# For you



## aedude94

Ahoj!!  I have a question about saying "for you" in czech! Can you say "pro tebe" or do you have to use the dative (because doesn't that mean "to/for (whoever the subject is)")? I am not sure! For example, how could I say:

I have a single piece of cake ... for you!

I have a question for you.

I have a present for you.

I would do anything for you!

THANKS!


----------



## vlado1

You can use it in every case you mentioned.


----------



## aedude94

Dekuju!!!


----------



## kusurija

aedude94 said:


> Ahoj!!  I have a question about saying "for you" in czech! Can you say "pro tebe" or do you have to use the dative (because doesn't that mean "to/for (whoever the subject is)")? I am not sure! For example, how could I say:
> 
> I have a single piece of cake ... for you!/Mám pro Tebe kousek dortu!/Mám kousek dortu...Je pro Tebe!
> 
> I have a question for you. /Mám pro Tebe//na Tebe// otázku. (Chtěl bych se Tě na něco zeptat./Chtěl bych Ti položit otázku.)
> 
> I have a present for you./Mám pro Tebe dárek.
> 
> I would do anything for you!/ Chtěl bych pro Tebe něco udělat.
> 
> THANKS!


Ahoj!
I lead myself to translate for clear understanding (Cake - dort? I'm not sure).


----------



## winpoj

I would do anything for you!/ Chtěl bych pro Tebe něco udělat. - a bit misleading translation, isn't it, Kusurija?
(Correctly: "Udělal bych pro tebe cokoli.")

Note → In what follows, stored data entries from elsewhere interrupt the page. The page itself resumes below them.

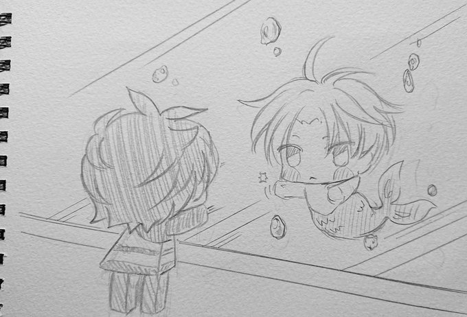 今日の落書きφ(..) 例のタグアンケートを見て頭に浮かんだのを そのまま描いてみた。 こえだを人魚にするには私の画力じゃ等身が大きくなるんだよなぁ。 (こえだの状態でも実物より等身大きめだが…) おやすみなさい😌💤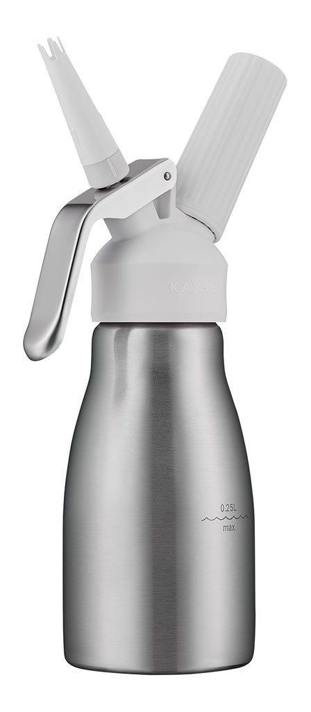 Připravte si poctivou domácí šlehačku pomocí šlehačkové láhev od rakouské firmy Kayser. Má hliníkové tělo s vnitřní povrchovou úpravou. Kromě sladké či slané šlehačky v ní vykouzlíte také nejrůznější pěny nebo těsto na lívance. Náplň je pod plynem N2O a v lednici vydrží až 10 dnů. Připravené těsto nebo chutnou šlehačku tak nemusíte spotřebovat najednou!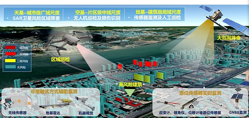 北斗形变监测系统可对既有房屋结构安全发挥着关键作用。北斗监测技术,结合人工智能技术和卫星遥感、无人机巡检、物联感知设备等“天-空-地”一体化、轻量化监测预报预警技术,将实现房屋变形、开裂、外墙脱落等安全隐患的实时监测和预警,筑牢房屋安全防线。

And why do you capitalize "Tebe" ? Writing a letter?


----------



## kusurija

winpoj said:


> I would do anything for you!/ Chtěl bych pro Tebe něco udělat. - a bit misleading translation, isn't it, Kusurija?
> (Correctly: "Udělal bych pro tebe cokoli.")
> 
> And why do you capitalize "Tebe" ? Writing a letter?


 
Yes, you're right! (Correctly: "Udělal bych pro tebe cokoli."). In fact my English is really awfully weak/poor. This fact I can negate in NO way! Fortunately, I hope, this mistake didn't impact the main problem - "pro tebe/dativ?"
In Czech we capitalize "T" in "Ty" in all cases of reverence (mainly writing a letter, but not only there).
So I beg all for pardon because of my poor English. Thx.


----------